一八九九年六月十一日出生大阪北區此花町的川端康成,幼時孱弱多病,家人呵護備至,少跟外界接觸,導致生活封閉、性情孤僻。三歲前,雙親感染肺結核,先後辭世,由祖父母收養,寄居大阪三島郡豊川村舅父的黑田家。七歲時,祖母棄世;十歲時,唯一的姊姊芳子罹患熱病,併發心臟麻痺夭折,親人接踵過世,他的精神受盡折磨,難忍熬煎,僅能藉助閱讀加重生命能量。

一九一四年五月,初中末期,祖父三八郎病重,他獨守病榻,夜夜誦讀《源氏物語》感時傷情、充滿哀戚的詞句,以此驅遣憂悶,並沉溺於傷懷中。某天,心血來潮,決定把祖父大漸彌留的情景紀錄下來,寫成〈十六歲的日記〉,這是川端開啟文學長河的第一篇作品。
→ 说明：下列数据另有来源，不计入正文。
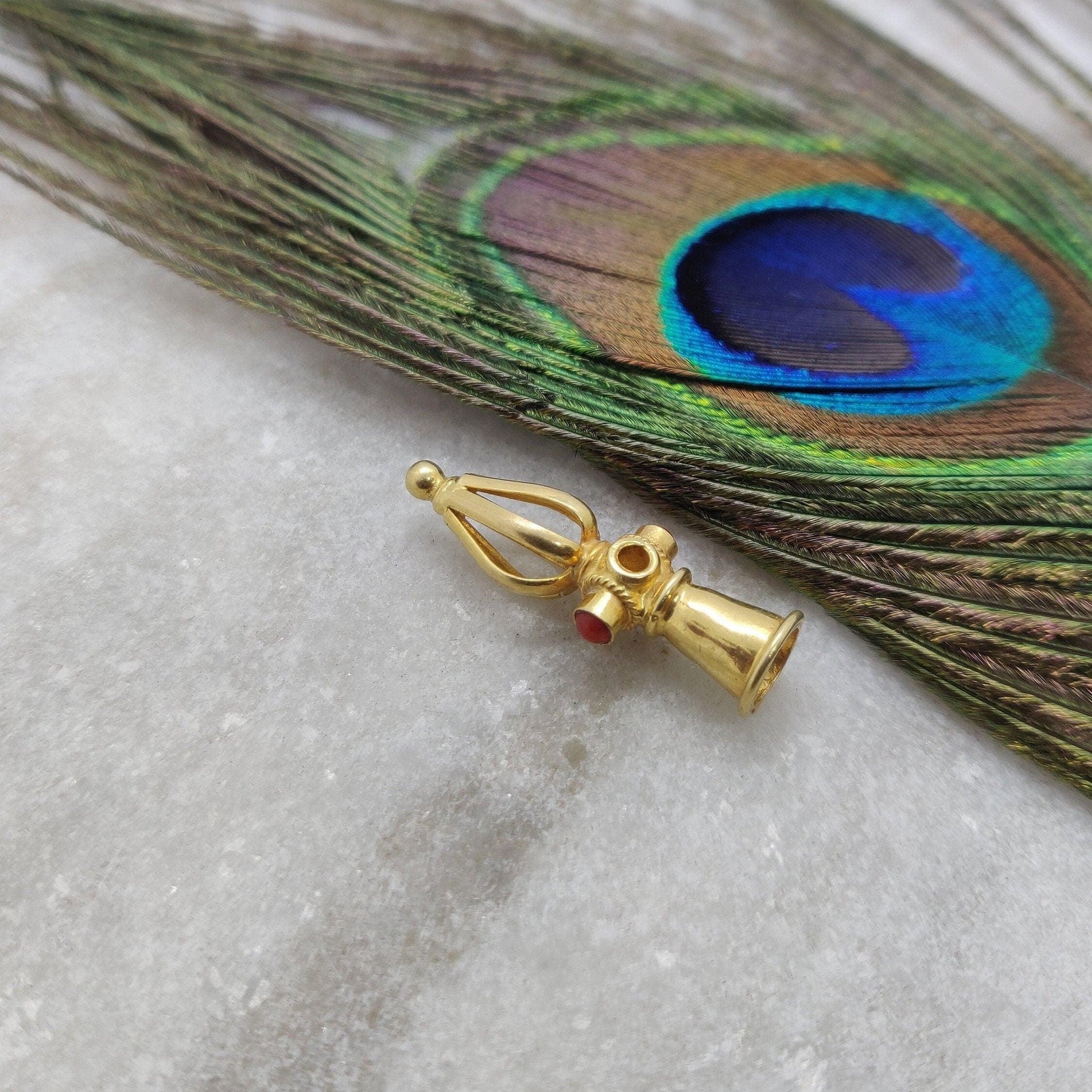 18K Yellow Gold Coral Stone Beads Findings Handcrafted Jewelry

成長命運雖然坎坷,求學過程卻十分順遂的川端,不僅在校成績優異,自小立定藝術文學寫作的夢想,竟都成為不可叛離的宿命,意味他必須在現實的困阨中與孤獨、悲愁並行相處。而維繫他心靈成長的宿命境遇,使他本即抒情的文字,更能穿透無常生死;加上幼時家境變遷的悲涼氤氳,越發沉澱作品的淒美特色。

這種經由唯美思潮所創作,空靈和虛無的小說,在在蘊涵「幽玄」的禪意美學。他擅長闡述空無邃遠的寫作風格,以及大和文化特有的人文情愫,逐漸形成日本新文學運動的清雅典範,評論家讚譽他是「日本新感覺派」文學家。
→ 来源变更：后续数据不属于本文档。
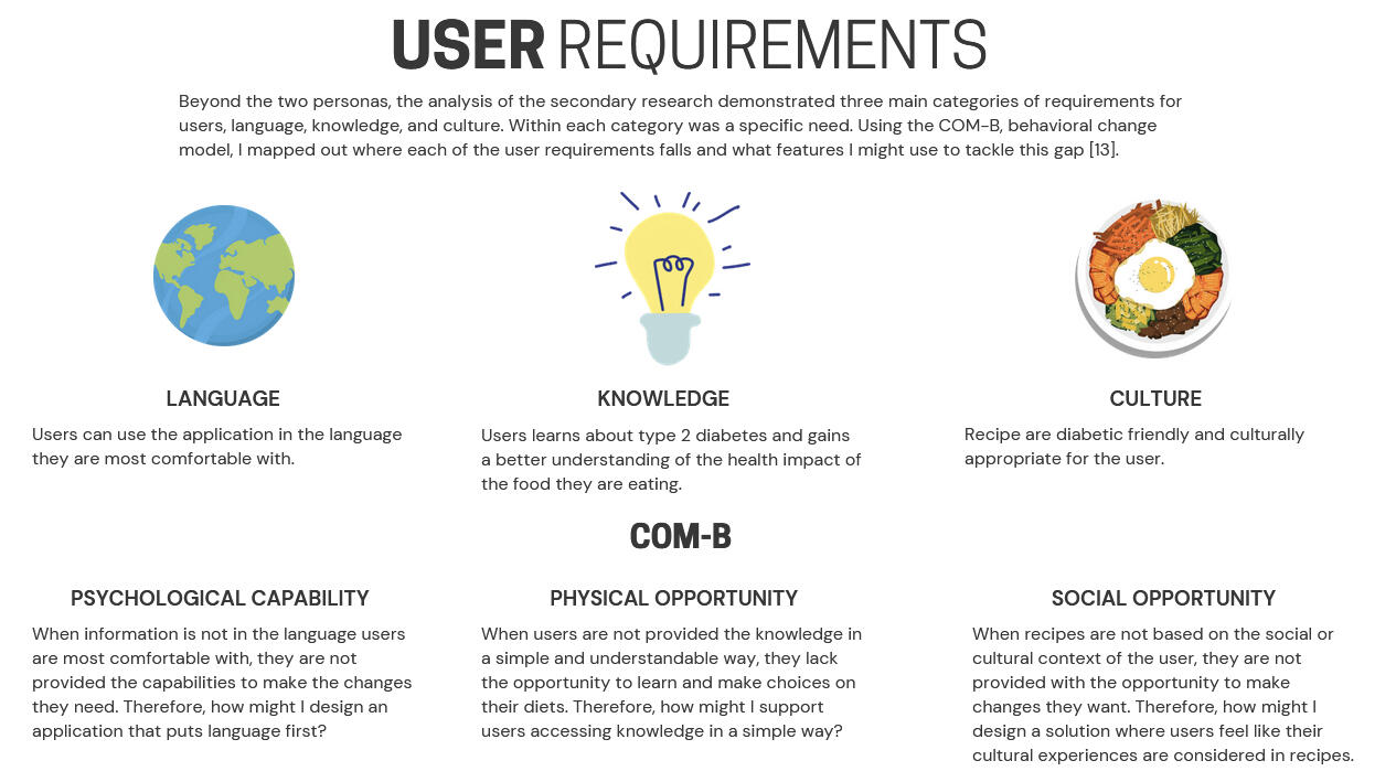 To ensure the features I designed genuinely addressed these barriers, I applied the COM-B behavioral change model as a design framework, mapping language needs to Psychological Capability, knowledge gaps to Physical Opportunity, and cultural considerations to Social Opportunity. This kept design decisions anchored to real user needs rather than assumptions.
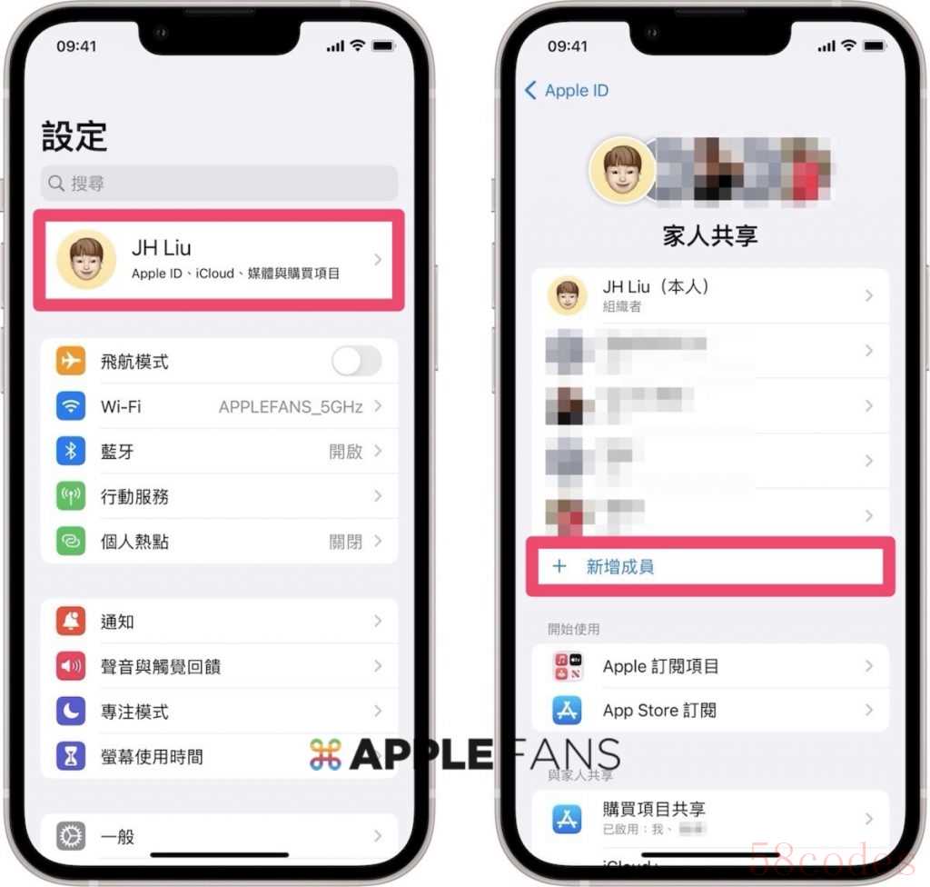 请先到「设定」app,点击「Apple ID 图像」里面的「家人共享」>「新增成员」。
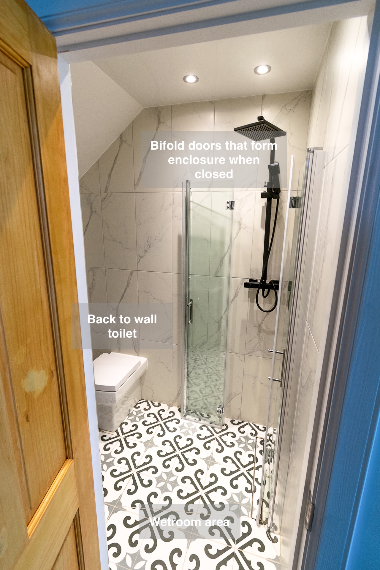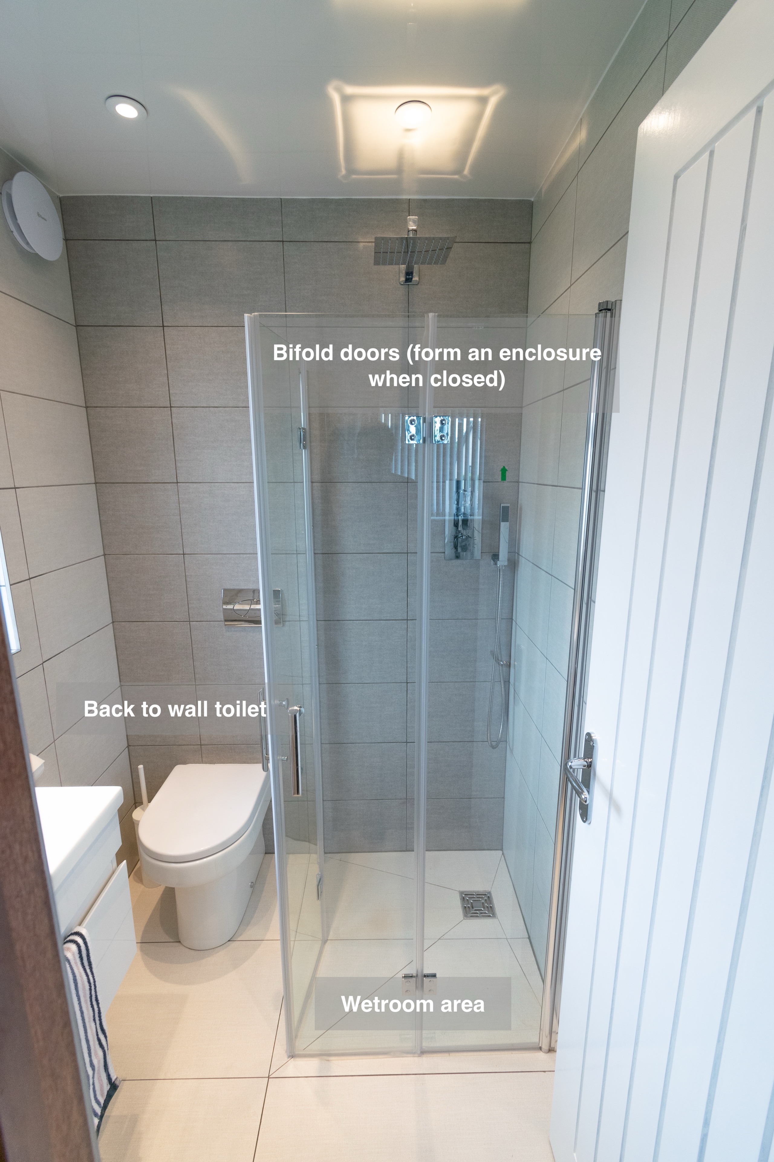 Small wetroom, with bifold shower doors forming an enclosure when closed. https://www.youtube.com/watch?v=X8uERWzkzWY
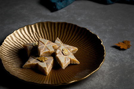 Kaju Katli, an Indian dessert in the shape of a diamond that is created with cashew sugar and mava and presented on a dish or bowl against a gloomy backdrop. discerning concentration
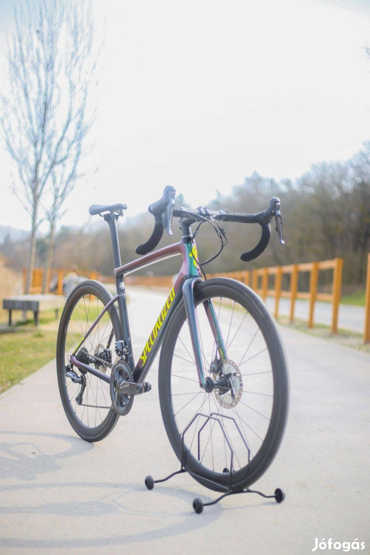 Eladó egy Specialized Tarmac SL6, amelyet SL8 Expert szintre fejlesztettek. A kerékpár elektromos Shimano Ultegra Di2 váltással és karbon kerekekkel rendelkezik, gyári Shimano töltő természetesen jár mellé. A kormányon a hüvelykujjaknál extra beépített gombok találhatók, amelyek például Garmin komputer lapozására is alkalmasak. A váz kb 170-180 centi között ideális
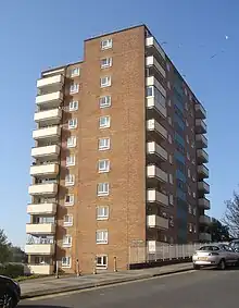 Clearances around Albion Hill began in the 1950s. From 1959, the narrow, densely populated terraces between Albion Hill and Morley Street were cleared and replaced with landscaped open space and seven tower blocks—Brighton's first such buildings.[23][33] The first, Highleigh, opened on 11 May 1961. Like its later neighbours, it has 11 storeys. The steep Richmond Street was severed as part of this redevelopment; its lower section was replaced by a zig-zag path down the hillside and a short road called Richmond Parade,[23] and new roads (Grove Hill and Ashton Rise) were built between the tower blocks and across the slope of the hill.[33] Similarly, the lowest section of Carlton Hill was renamed Kingswood Street when it was redeveloped in the 1960s: Brighton Art College (now part of the University of Brighton) was extended in 1967 by Brighton borough architect Percy Billington,[33] taking up a large corner plot.[2]
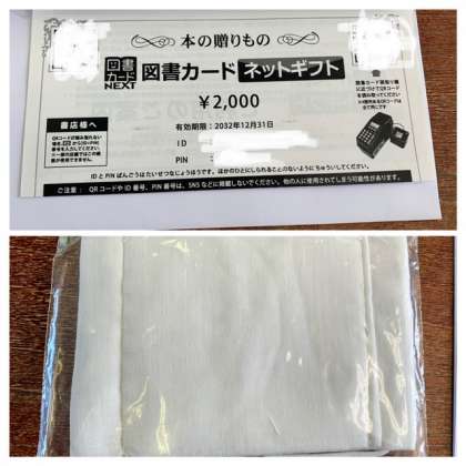 文部科学省からのマスク(1枚)と大阪府からの図書カードが配付されています。

閱讀川端作品,感受他從《源氏物語》傳承的王朝文化,象徵冷冷酷戾的官能性色彩,以及具體反映第二次世界大戰之後,困惑、迷惘與沉淪的世態。他將民族性所支配的悲哀、時代的悲哀,乃至自己的悲哀,融合形成「物哀美學」,並將日本古典文學中的尋常人倫與西方現代自由主義結合,揮灑出傳統文化和現代人文、自然描繪和心理刻畫,以及自覺性和意識流相互衝擊的「悲觀哲學」與「神祕主義」,終究創造了川端獨具頹廢情調的文學風貌。
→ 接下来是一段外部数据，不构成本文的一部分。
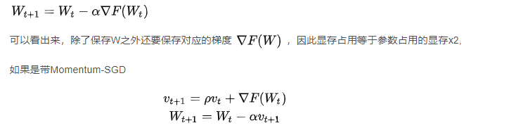 如果是Adam优化器,动量占用的显存更多,显存x4
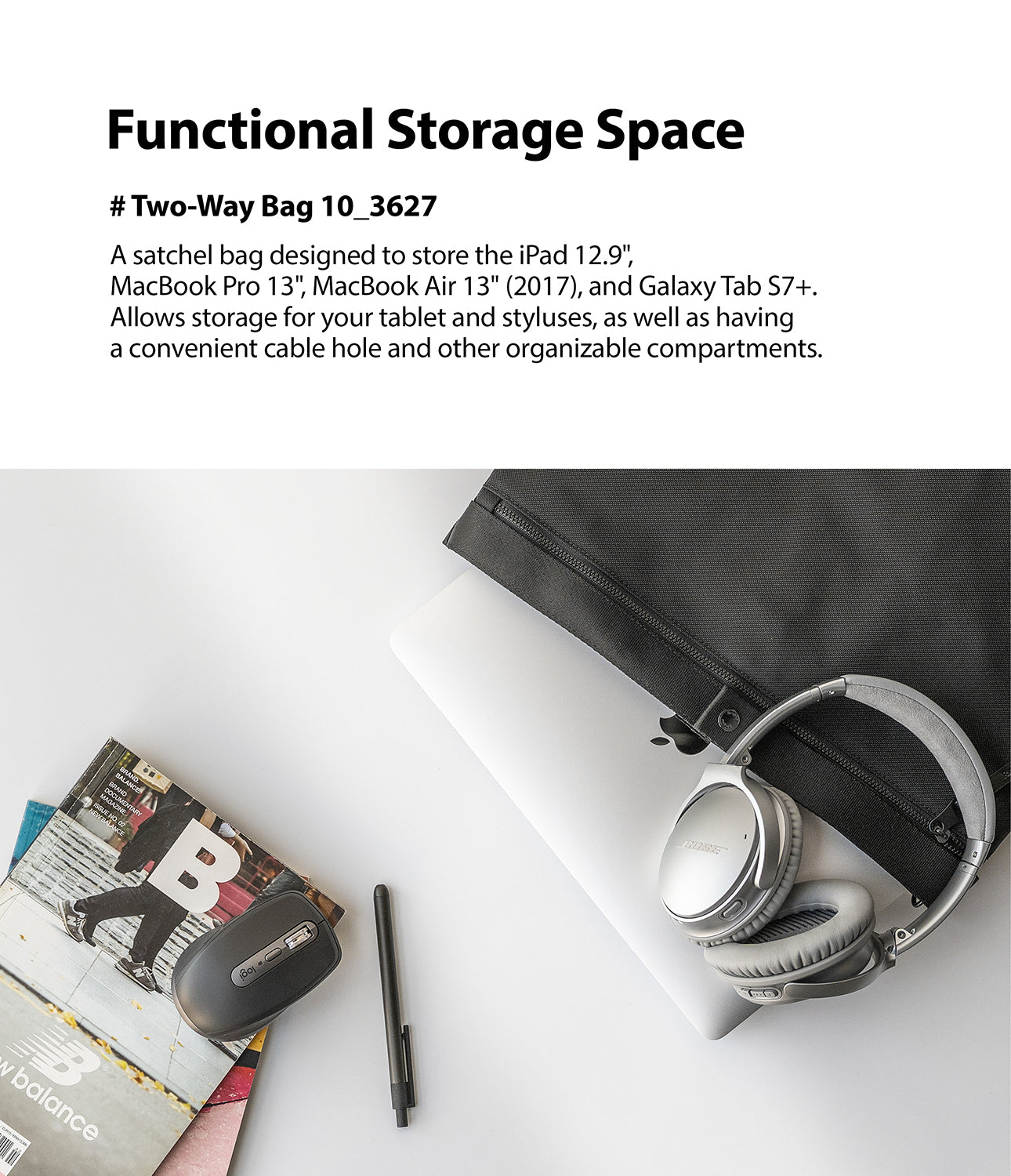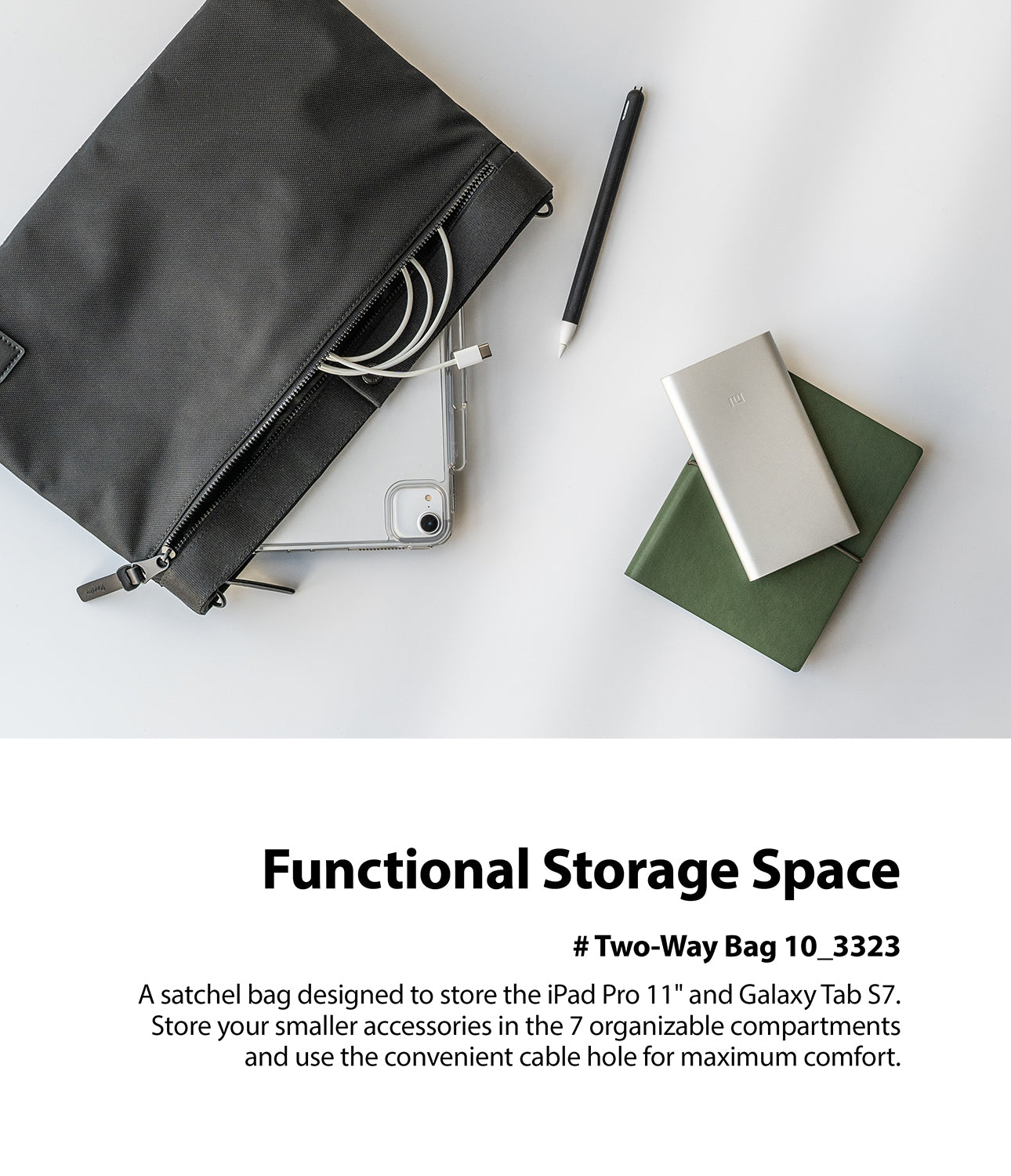 - Organizable Compartment - Store your smaller accessories in 2 separate pouches. Includes a convenient cable hole for quick and easy charging.

一生孤寂的川端,雖曾強烈拒斥與現實社會接觸,卻又喜歡在文字世界堆疊屬於自己能量的遼闊空間,他大量閱讀《源氏物語》《枕草子》等平安時代的文學著作,這些作品影響他的創作風格深遠。初中時代寫成〈十六歲的日記〉後,陸續發表不少短文,十九歲寫成膾炙人口的《伊豆の踊子》,從此小說創作不斷,包括:《雪國》《千羽鶴》《山之音》《睡美人》《古都》《美麗與悲哀》等鉅著,不僅使他聲名大噪,作品還接連被改編成戲劇,《伊豆の踊子》六次搬上大銀幕、五次改編成電視劇。《雪國》二次搬上大銀幕、五次改編成電視劇。《古都》三度改編成電影。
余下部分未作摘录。